Corongo is one of 20 provinces of the Ancash Region in Peru. Its capital is Corongo located at an altitude of 3,141 m (10,305 ft).

Corongo is situated in a calm valley where the river of the same name runs. It is bordered by the following provinces: to the north and to the west by Pallasca, to the east by Sihuas and to the south by Huaylas and Santa.

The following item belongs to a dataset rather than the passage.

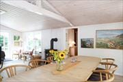Indendørs fremstår sommerhuset lyst og særdeles hyggeligt. Der er tre gode soveværelser og tilhørende anneks. Husets hjerterum er den store stue, hvor der er åben forbindelse til køkkenet. Det er her alle kan samles om bordet og nyde en lækker brunch inden dagens aktiviteter og samles om aftenen til aftenhygge med brætspil og gode historier. I dette sommerhus er der mulighed for at flere generationer mødes, for sammen at holde ferie.

At the time of census 2005 the province had 7,786 inhabitants, distributed in the urban zone and mainly in the countryside.

Corongo has a great variety of places to visit, especially lakes located in the high parts of the province, and the thermal baths of Aticara and Pacatqui.

The geographical coordinates are 8º30'34" S and 77º54'37" W.

== Geography ==
Some of the highest mountains of the province are listed below:

- Anka Raqra
- Aqus Punta
- Asnu Qucha
- Ayan Quri
- Kunkayuq
- Kuntur Wasi
- Maray Pampa
- Ñuñuyuq
- Parya Chuku
- Pillu Kunka
- Puka Ch'uru
- Puka Puyku
- Puma
- P'isqu Chaka
- Puka Hirka
- Puka Pampa
- P'aqra
- Qayqu
- Qullpa Hanka
- Q'ara Hirka
- Sara Pirqan
- Wamani
- Winchu Qucha
- Winchus
- Winchus Hirka
- Yawar Qucha

==Political division==

Corongo is divided into seven districts, which are:
- Aco
- Bambas
- Corongo
- Cusca
- La Pampa
- Yanac
- Yupan

== Ethnic groups ==
The province is inhabited by indigenous citizens of Quechua descent. Spanish is the language which the majority of the population (90.35%) learnt to speak in childhood, 9.44% of the residents started speaking using the Quechua language (2007 Peru Census).